We can assume that one of the duties expressed or implied in the vendor's contract was to secure the information of each campaign from the other campaigns.
In October and again recently, the vendor failed to secure Hillary' s campaign's information, possibly by weakening or shutting down a firewall that set Hillary's data apart from the information, the data, of Bernie Sanders' campaign.
The Sanders' campaign discovered the breach. In October, they were concerned that Sanders' data had also been breached and that access to Sanders' data had been allowed to one or more of the other campaigns. (Based on a video of a press conference by Bernie's campaign manager.)
Again, recently, the Sanders' campaign discovered that it had, due to a failure by the vendor to secure Hillary's data, obtained access to that data. Sanders' employees ran queries that tested the data to which they had access for data that belonged to Hillary's campaign, and the tests were positive. Hillary's information was available to Bernie's campaign.
Upon learning of this, Debbie Wasserman Schultz, before completing an objective test of the security on the data and before giving Bernie's campaign adequate opportunity to respond to requests for data or information, and perhaps without having properly asked Bernie's campaign for the information, went to the press screaming that Bernie's campaign had accessed Hillary's data (via access provided apparently, necessarily by the vendor's failure to adequately secure it) and that Bernie would be refused access to his own campaign's data as a result. Bernie's campaign has been damaged by the DNC's refusal to allow Bernie to access his database for a certain period of time at this crucial stage in the campaign.

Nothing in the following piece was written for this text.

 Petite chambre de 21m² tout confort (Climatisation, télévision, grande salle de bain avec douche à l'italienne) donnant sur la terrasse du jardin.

Bernie filed a lawsuit for an injunction requiring the DNC and its vendor to allow Bernie access to his own data.
I assume that some sort of arrangement, some sort of partial settlement that required Bernie to provide information regarding the breach of the firewall and the queries his campaign made and perhaps other information was made, and the DNC and Debbie Wasserman-Schultz backed down and is allowing Bernie access to his own material. This is my guess.
Based on my experience, I suspect that as a part of that agreement, Bernie was required to apologize openly to Hilary for any breach. This is just my guess, but Bernie apologized during the debate.

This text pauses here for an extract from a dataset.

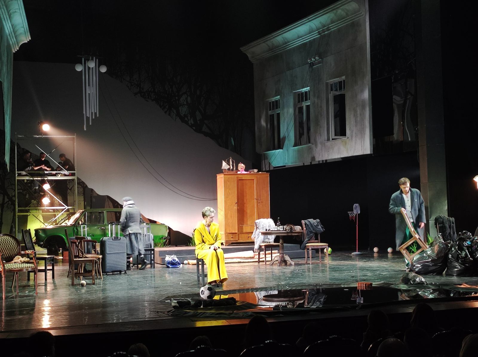 Свой неповторимый оттенок парадоксальности происходящему придавал и условно старый советский, калейдоскопический, дачный, антресольный антураж, изобретенный художником постановщиком Анваром Гумаровым и особенно — старые зеленые Жигули без колес, поставленные на кирпичах в глубине сцены. На этом фоне звучали и фразы о крепостном праве, отмененном на памяти ныне живущих героев. Сами артисты предполагали, что их, возможно, вновь упрекнут за несоответствие, как это было с их авангардной «Молодостью», однако решили рискнуть ради самоценной первоосновы и оставили контраст как он есть, на ваш суд.

In my opinion, the DNC and its vendor and possibly others need to apologize for the fact of the breach of the security measures that were supposed to have been taken by the vendor. It is nearly impossible for me to believe that Bernie Sanders' campaign would have had any contractual or other duty to protect Hillary's campaign database. Bernie is noted for his honorable conduct, but to expect Bernie's campaign to identify and separate Hillary's data from his own when they were apparently both made available to him would require him to do the very queries of the database that it appears that his campaign made. Thus, in my opinion, not knowing more than others not directly involved in the situation, the duty that was breached was on the part of the DNC's vendor or possibly the DNC itself. I seriously doubt that Bernie had any contractual duty to protect the security of Hillary's data. I can't understand how that would even work without Bernie's first querying all the data he had and identifying the data of Hillary -- which is, from what little I know about the situation, what his staff did.
Hopefully, an INDEPENDENT review of the vendor's security and firewall systems and of any access by any campaign to the information in another campaign's database will be conducted as soon and as openly as possible.

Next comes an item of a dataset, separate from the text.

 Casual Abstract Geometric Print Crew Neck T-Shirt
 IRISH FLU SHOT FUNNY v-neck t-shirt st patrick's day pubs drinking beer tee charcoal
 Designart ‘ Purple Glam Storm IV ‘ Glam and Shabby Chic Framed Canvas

We Bernie supporters view the DNC as so biased in favor of Hillary that we question whether this was perhaps to some extent, whether conscious or not, intended to harm Bernie's campaign. Debbie Wasserman-Schultz has close ties to Hillary as do some of the employees in the DNC's vendor for the databases.
Further, the DNC's conduct in other respects has, in the view of many Bernie supporters, been detrimental to the campaigns of all candidates other than Hillary. For example, scheduling the third of only six debates on the Saturday night, a party night across the nation, before Christmas insured a very lower viewer base.
In addition, requiring that candidates who participate in the six official debates may not debate other than in those debates is a travesty of the democratic process.
As a Bernie supporter, I wish to have a full investigation of the relationship between the DNC, Debbie Wasserman-Schultz and the Hillary campaign.
The DNC led by Debbie Wasserman-Schultz appears in my view to have no intention of allowing any candidate other than Hillary to win the nomination.
These are the facts as I understand them based on what I have read. I think that we Bernie supporters have a lot to be angry about. This primary process is a travesty.
I think that Debbie Wasserman-Schultz is losing a lot of Democratic voters. I for one have stated all along that I will vote for all Democrats on my ballot, but NOT FOR HILLARY.
The DNC acts very much like a machine that wants to control the outcome of the primary process.
I wish Bernie luck in his lawsuit. We Democrats deserve to know the whole truth about the functioning of our Democratic Party. It appears that since at least 1992, our Party has strayed from representing the working people of America. We need to get back on track. Bernie's movement includes all of us who want reform within the Democratic Party and our country.